Prosecutors May Seek Death Penalty in Fayetteville Killing - Sparrow Law Firm

Almost two years ago, searchers pulled a child’s body from a thicket of kudzu along the side of a rural North Carolina highway. Investigators quickly identified the remains: The child was a 5-year-old girl who had disappeared a week earlier. Within days, authorities charged the girl’s mother and a 29-year-old man with murder.

A Superior Court judge ruled this week that prosecutors may ask for the death penalty if the man, now 31, is convicted. Prosecutors said the death penalty is not on the table for the girl’s mother.

The case turned out to be much more complicated than anyone thought. The mother’s charges include first-degree murder, rape of a child and human trafficking. She allegedly arranged for the other suspect to pick up her daughter in front of her home. She called the police later to report her daughter missing.

Security cameras caught the man carrying the girl toward an elevator in a hotel about 30 miles from her home. That was the last time she was seen alive.

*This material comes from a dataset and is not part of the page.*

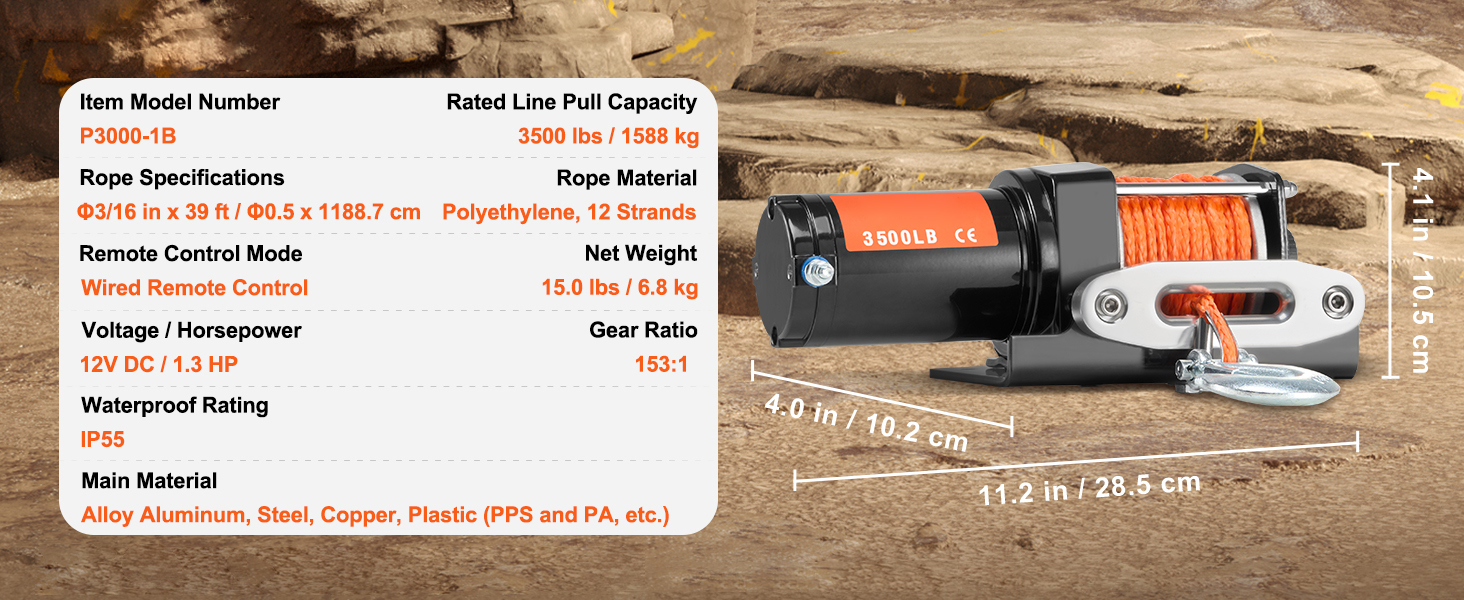 Our heavy-duty electric winch features a 3500 lbs line pull capacity and an IP55 waterproof rating, perfect for freeing your ATV or UTV from sticky mud pits. A 12V DC/1.3 HP permanent magnet copper motor, 153:1 gear ratio, and synthetic rope ensure you’re never stuck for long.

The man is also facing charges of first-degree rape and first-degree kidnapping.

The girl’s death caught local and national attention. Shaquille O’Neal paid for the victim’s funeral, which was attended by more than 2,000 people.

Locally, the allegations against the girl’s mother sparked an inquiry into the role of the county’s Department of Social Services in the case. Reportedly, state investigators were looking into why the department did not turn the family’s complete file over to police. Court records indicate the mother had been the subject of a previous investigation regarding the care of her son.